Monitoring & Impact Evaluation Metrics

  • Short-term (612 months): number of cases assessed under equivalence; appeals filed; sectoral distribution of exclusions.
  • Medium-term (13 years): change in OBC representation by socio-economic decile in public recruitments and admissions; number of displaced beneficiaries re-classified.
  • Long-term (35 years): measure socio-economic mobility among OBC cohorts (education, earnings), and whether benefits are reaching lower deciles.
  • Data sources: DoPT/SSC recruitment data, university admission records, NCBC reports, EPFO/ITR aggregates (anonymised).
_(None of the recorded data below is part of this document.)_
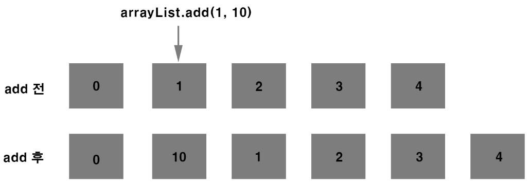 ▼ 위 예제에서 15번 라인이 추가되었습니다. 마찬가지로 add 메소드를 사용하였는데 인자로 index를 추가로 넘기고 있습니다. ArrayList에서 index 1에 해당하는 위치에 데이터 10을 넣으라는 의미로 해석할 수 있습니다. 뒤에 Element 들은 자동으로 뒤로 밀리게 됩니다.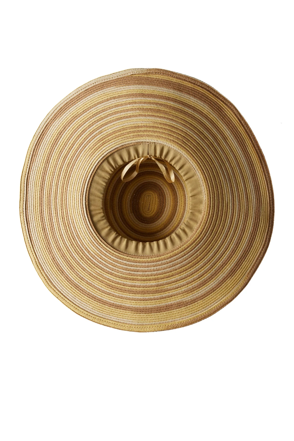 Wide-brimmed natural sun hat featuring an alternating colored pattern. Offers an adjuster on the hat’s interior.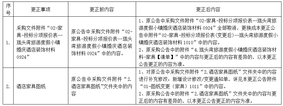 更正事项:采购文件更正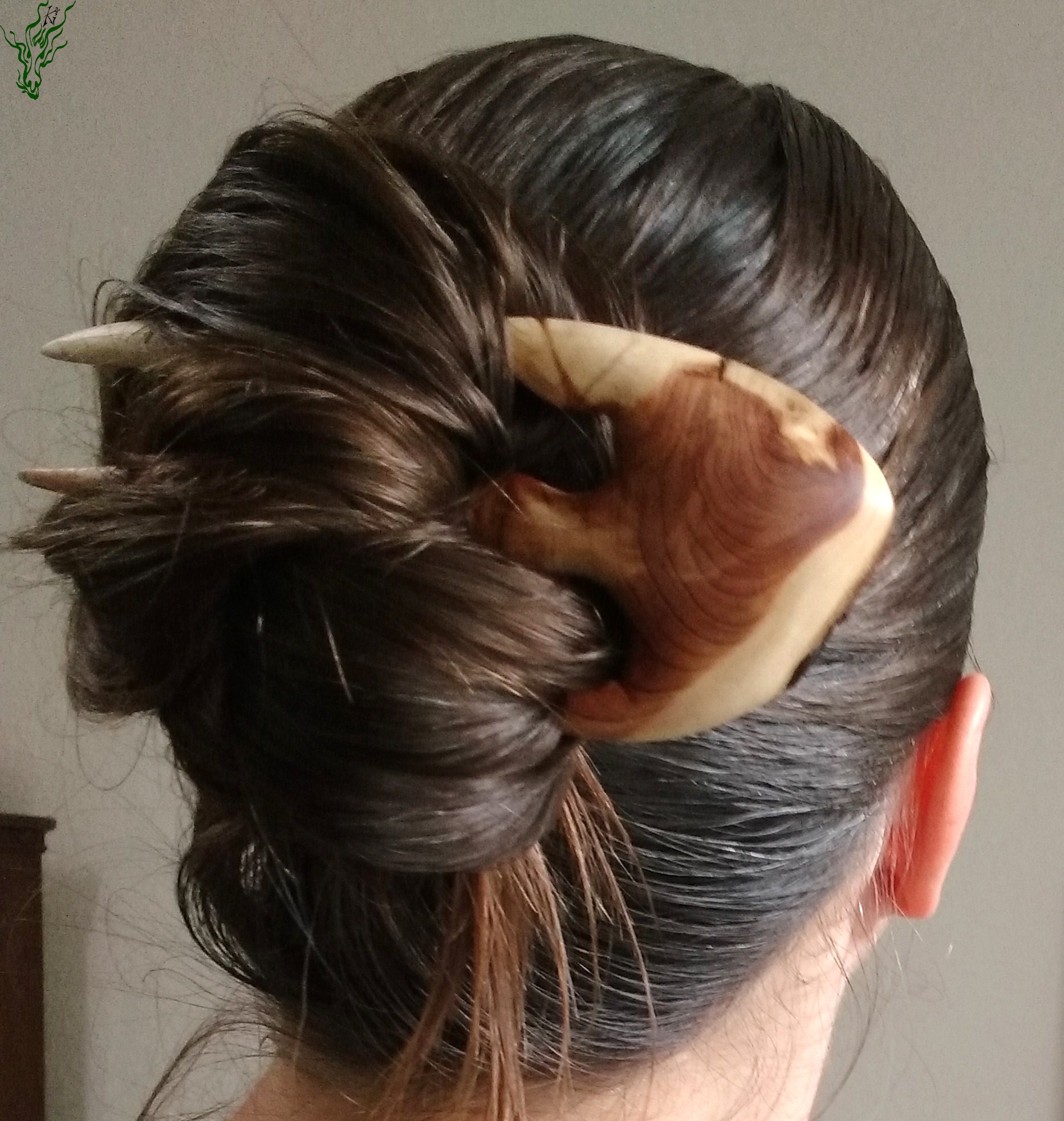 Ich kämme es dann mit meinem sehr abgerundeten Holzkamm ein – auch in die Längen – und massiere dann weiter mit dem Kamm oder den Fingern meinen Kopf. Ich muss immer ziemlich aufpassen, dass ich nicht einfach schubbernd reibe, sondern wirklich massiere, damit die Haarwurzeln nicht geschädigt werden.
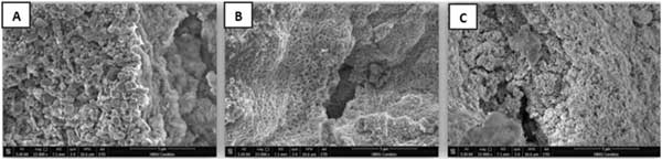 圖1:吸附(A)鍶(B)鋇(C)二元污染物后25,000x下活性炭的SEM圖像。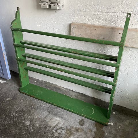 Smukt patineret blå tallerkenrække. Hylden er 90x56 cm og 12 cm dyb.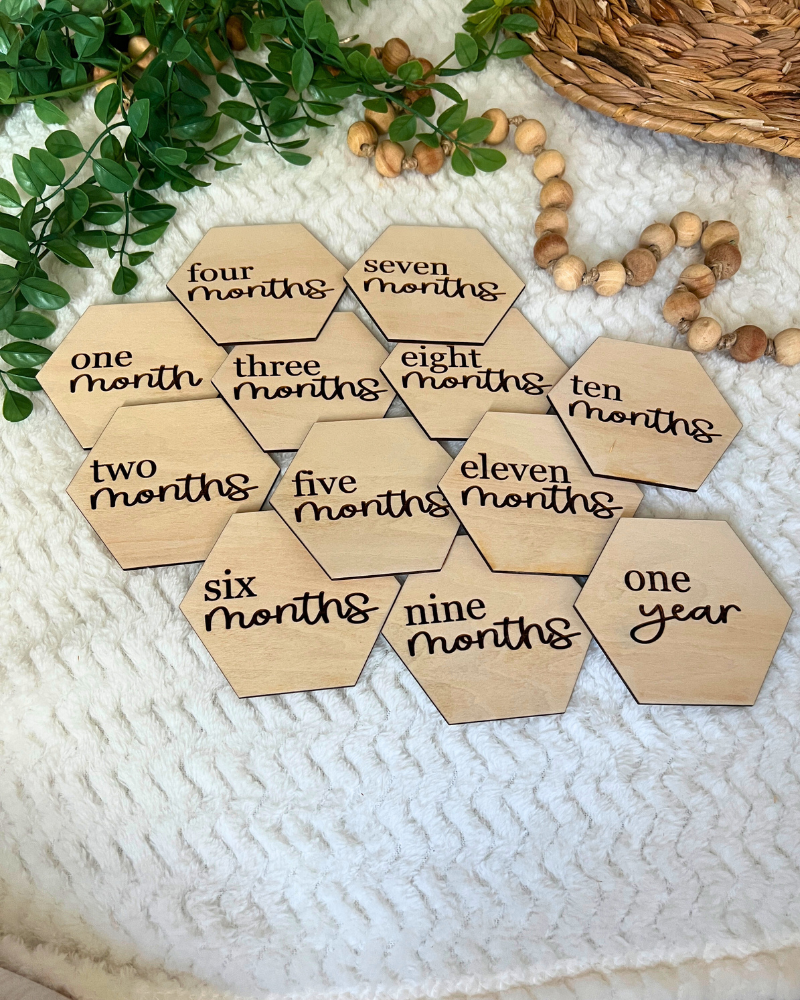Celebrate every precious moment in your baby's first year with our Simply Sweet Hex Milestones. Crafted from high-quality wood, these charming hexagon-shaped milestones are designed to capture and commemorate each month of your little one’s journey. Perfect for baby announcements, photoshoots, or as a beautiful nursery decoration, these milestones combine functionality with a touch of elegance.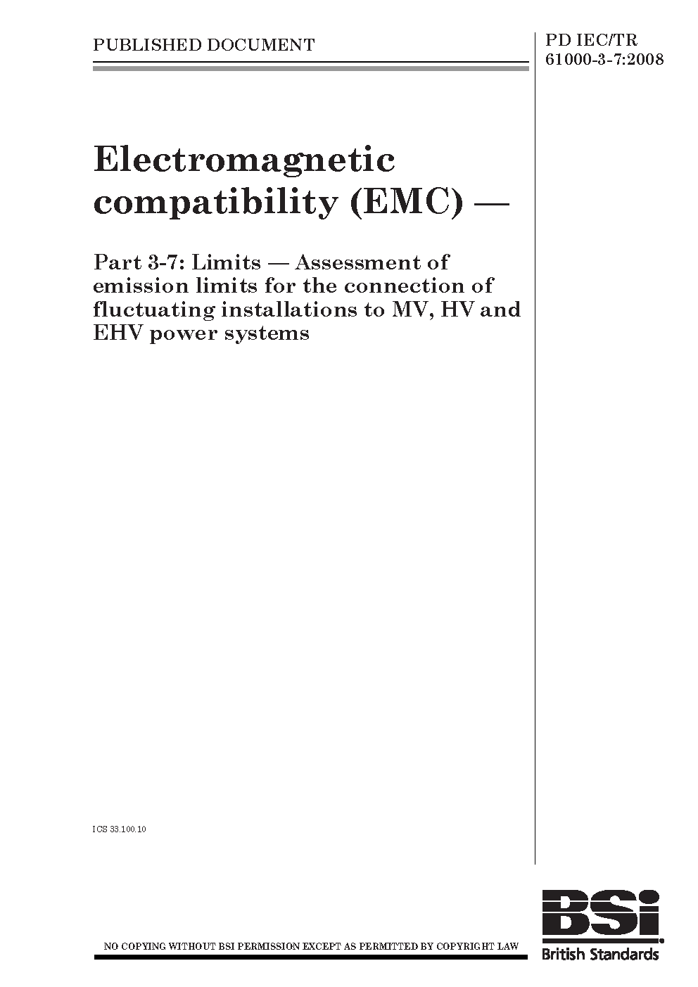 PD IEC/TR 61000-3-7:2008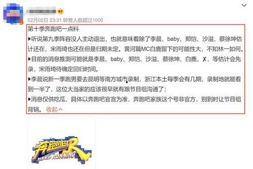 亲爱的观众朋友们,是不是已经迫不及待地想要知道《奔跑吧》第十季的最新动态了呢?没错,这个夏天,这档全民喜爱的综艺节目又将带给我们怎样的惊喜呢?今天,就让我带你一起揭开《奔跑吧》第十季的神秘面纱,看看都有哪些新鲜事儿等着我们!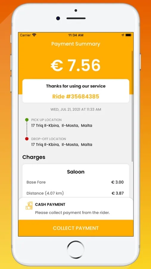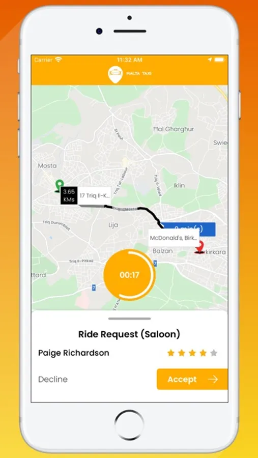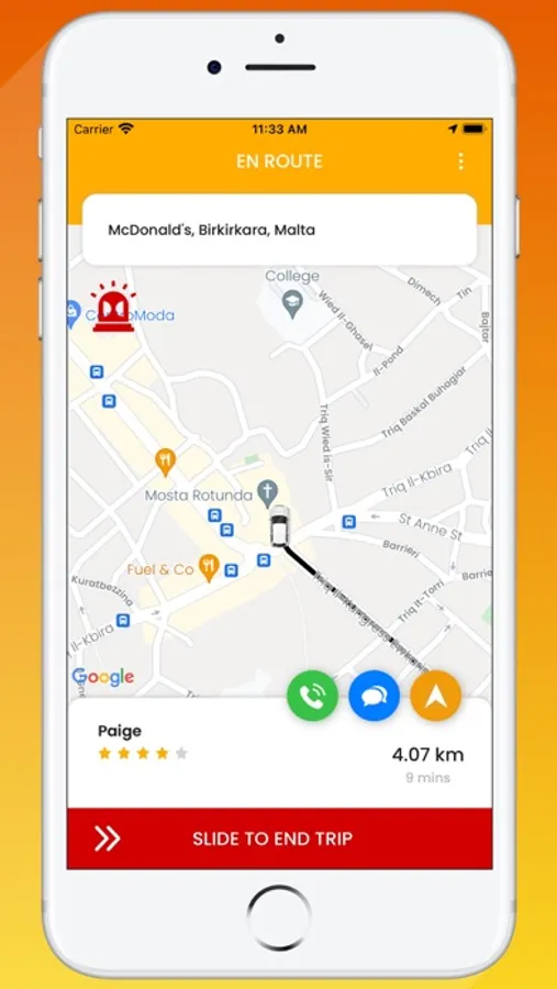 Malta Taxi Driver App allows registered drivers to receive and make trips.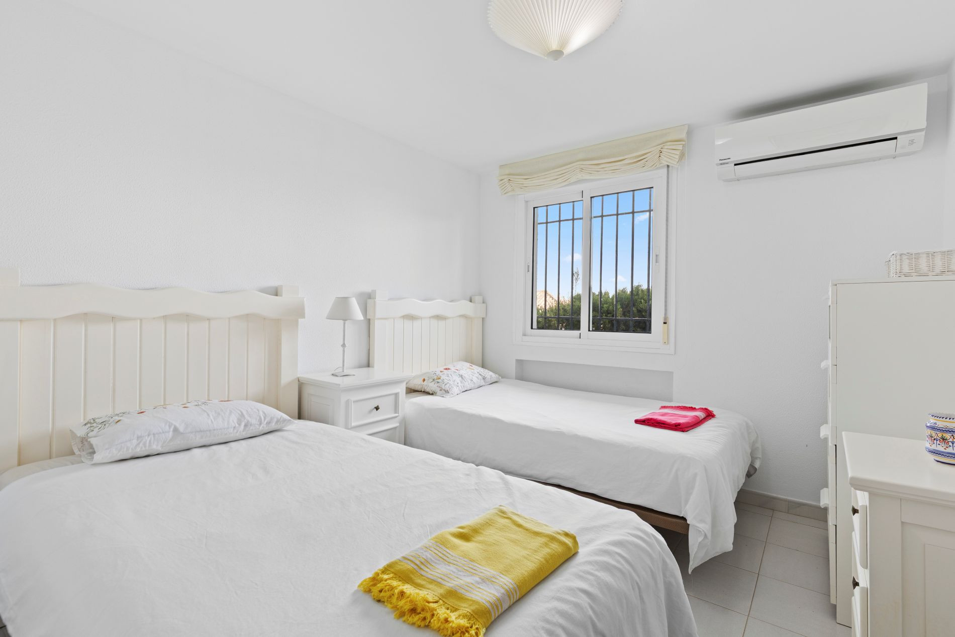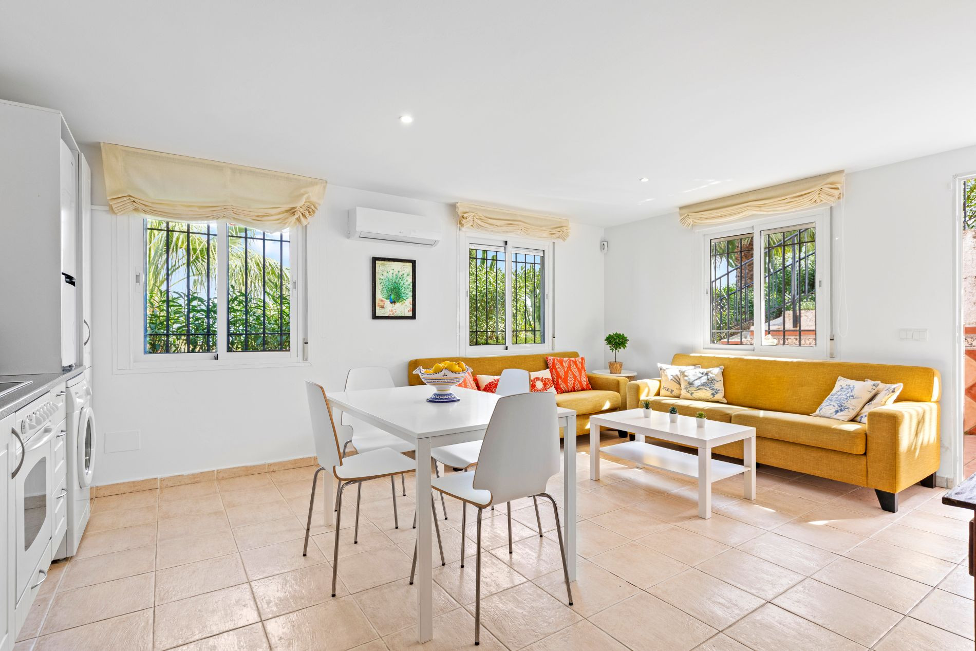Desde la entrada se accede por escaleras a la vivienda principal de 147m2, a la piscina y a sus extensas terrazas con vistas panorámicas al mar . Allí se desarrolla la vida diaria: salón con salida directa al exterior, cocina independiente con área de lavandería y tres dormitorios con dos baños. El espacio exterior es uno de los grandes valores de la casa: una amplia terraza que se vive de verdad, con zonas abiertas y una parte acristalada que permite utilizarla durante todo el año.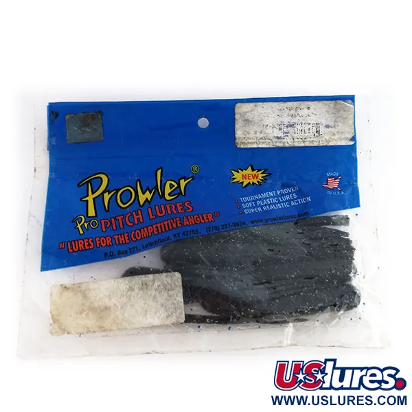 Gili, blizgučiais praturtinta apdaila išskiria šį 4 colių (10 cm) minkštą masalą, pasižymintį klasikiniu alyvuogių žalios spalvos stiliumi, itin vertinamu dėl natūralios pateikties. JAV pagamintas Prowler Pro Pitch modelis (produkto kodas: 9825) pasižymi tvirta silikono konstrukcija, pritaikyta džigavimui ir „pitching“ technikoms. Masalo kūnas pasižymi vientisa cilindrine galva ir daugiasluoksniu sijonėlio formos uodegos galu, suprojektuotu išlaikyti stabilią formą montuojant ant galvutės arba Texas tipo kabliuko. Šis pavyzdys yra 5 vienetų rinkinio dalis ir pateikiamas nenaudotas, išlaikant originalų plastiko lankstumą bei tekstūrą. Maži sidabriniai žvyneliai pasiskirstę tamsiai žalioje medžiagoje, kad po vandeniu atspindėtų šviesą. Šie masalai reprezentuoja profesionalios klasės minkštą plastiką, kurį naudoja sportinės žūklės meistrai, žvejodami tankioje augmenijoje ar kliuviniuose. Medžiagos tankis visoje 5 vienetų pakuotėje yra vienodas, užtikrinantis patikimą darbą metant ir traukiant masalą.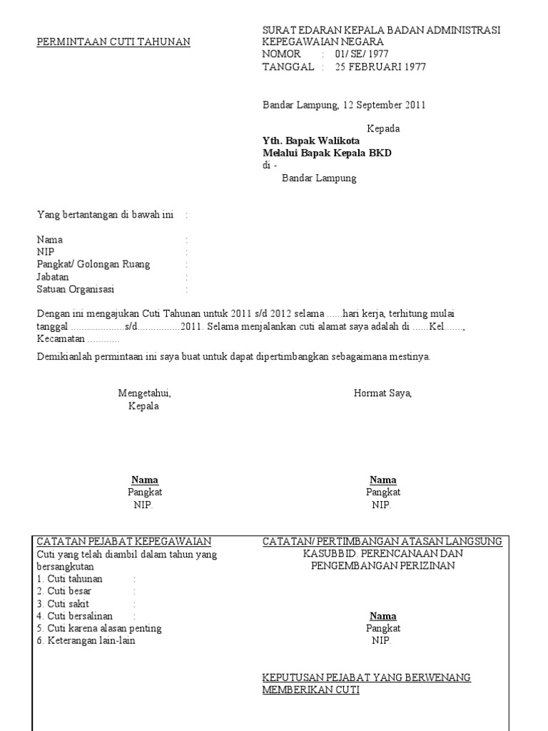 Contoh surat permohonan cuti pns. Contoh, jika alasan seorang karyawan cuti dikarenakan sakit, maka harus. Terkini, contoh surat lamaran kerja, contoh surat pengunduran diri, contoh surat kuasa, contoh surat permohonan, contoh surat resmi, contoh surat rasmi, contoh contoh surat permohonan lawatan via www.slideshare.net. Jika anda memerlukan contoh surat cuti yang masih kosong dan tinggal diisi, berikut adalah contoh surat. 10 contoh surat izin tidak masuk kerja sakit acara pns.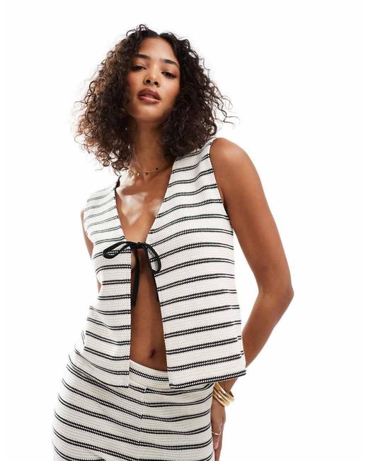 - Camiseta Sin Mangas A Rayas Monocromáticas Con Lazada Delantera De Croché De (Parte De Un Conjunto)
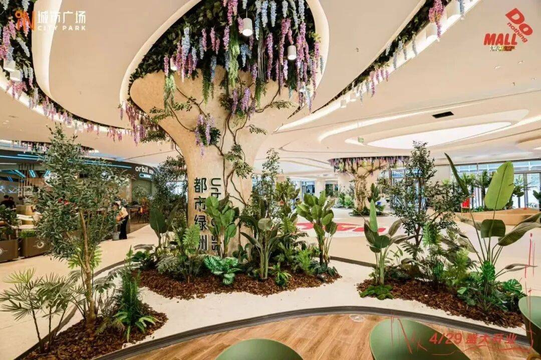 在场景呈现上,秉持歌林商业生态绿色的造景理念,新生探索自然峡谷风貌,把一棵树搬进商场里,纵跨3层、高达17M。层叠的绿植向上,绿意向下纵深,形成一派自然秘境。以自然的力量,去实现对未来城市空间和商业的新想象。
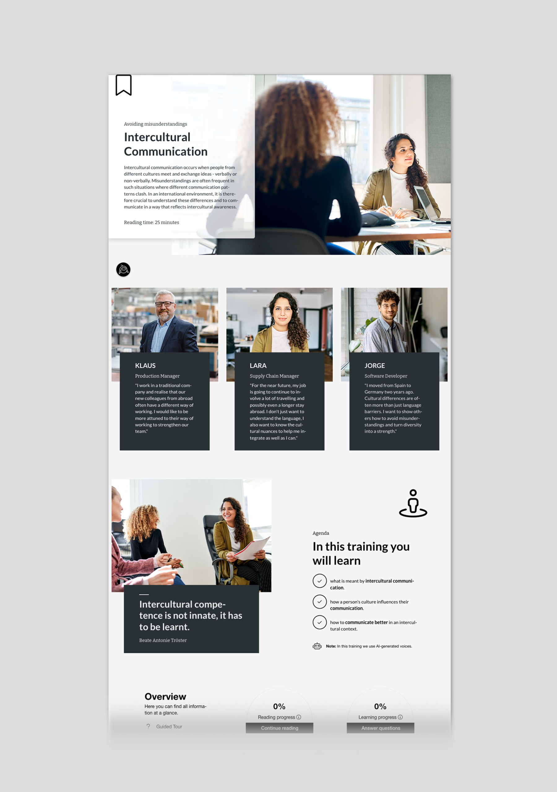 As they generally use different, culturally determined communication patterns, misunderstandings often occur. In this training course, your learners will find out why this is the case and how such misunderstandings can be avoided in future.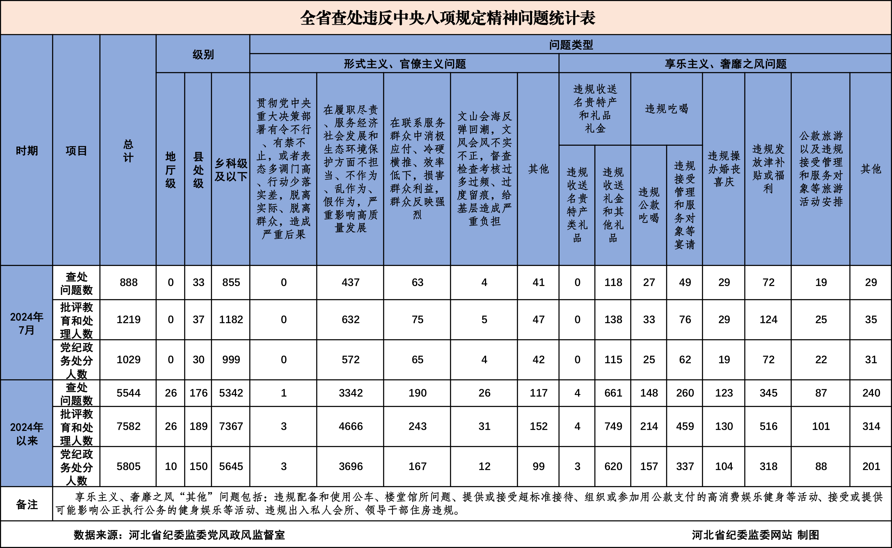 今年7月,全省共查處違反中央八項規定精神問題888起,批評教育和處理1219人,其中黨紀政務處分1029人。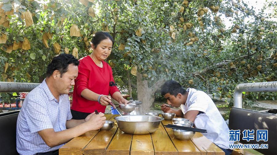 甘永軍(左一)在地處新疆阿克蘇地區(qū)柯柯牙綠化工程內(nèi)的果園吃飯(2017年9月22日攝)。10年前,甘永軍還在果園開(kāi)起了第一個(gè)農(nóng)家樂(lè),帶動(dòng)周邊100多戶果農(nóng)經(jīng)營(yíng)起了自家庭院。 在世界第二大流動(dòng)性沙漠——塔克拉瑪干沙漠西北邊,一條逾百萬(wàn)畝的人工林帶傲然挺立。 這條林帶就是柯柯牙荒漠綠化工程。它是新疆阿克蘇黃沙漫漫和碧波萬(wàn)頃的分界嶺。 1986年,為改變惡劣的自然條件,阿克蘇啟動(dòng)柯柯牙綠化工程。30年間,各族干部群眾攜手奮斗,曾是沙塵暴策源地的柯柯牙綠樹(shù)成蔭;并以此為原點(diǎn),在南疆戈壁荒灘上孕育出百萬(wàn)畝的“綠?!?。 30多年來(lái),阿克蘇打造出“人走政不息”的樣本,使綠色發(fā)展理念成為幾代人的廣泛共識(shí);“自力更生、艱苦奮斗、無(wú)私奉獻(xiàn)”的柯柯牙精神,已融入各族兒女血液中;“以林養(yǎng)林”“邊綠化邊脫貧”的綠化、脫貧方式,給其他荒漠地區(qū)貢獻(xiàn)了“柯柯牙智慧”。 新華社記者 杜剛 攝

Potential Unintended Consequences & Mitigation

  • Unintended exclusion of deserving OBCs → mitigate via multi-factor test and appeals.
  • Legal challenges delaying implementation → mitigate by early stakeholder consultations and robust legal vetting.
  • Administrative burden on states/PSUs/universities → central funding/technical support and phased implementation.
  • Private sector resistance → limit mandatory application to areas under state law; incentivise voluntary compliance (tax benefits/grants) for private employers to adopt transparent OBC hiring practices.

Political Economy & Social Messaging

  • Communication strategy required: Clear public explanation that equivalence seeks targeted social justice (not punishment of upward mobility). Use data, case studies, FAQs.
  • Engage OBC representative bodies and state governments early to build consensus and preempt politicisation.
  • Explain rationale to private sector: fairness, social licence, and potential CSR incentives.

Conclusion — Net Assessment

  • Conceptually sound: Expanding the creamy-layer exclusion to account for role/post equivalence addresses a real fairness concern: affluent OBCs capturing reservation meant for the disadvantaged.
  • Execution risk is high: Heterogeneous pay systems, data gaps, privacy issues, legal limits on regulating private employers, and political sensitivity make implementation complex.
  • Policy design must be hybrid and phased: Combine income + post equivalence + qualitative checks; publish a national equivalence matrix; phase rollout with legal backing, state cooperation, transparency, and grievance redress.
  • Goal: Ensure reservation remains a tool to uplift genuinely backward groups — not a benefit captured by socio-economically advanced individuals — while protecting legitimate upward mobility and avoiding arbitrary exclusion.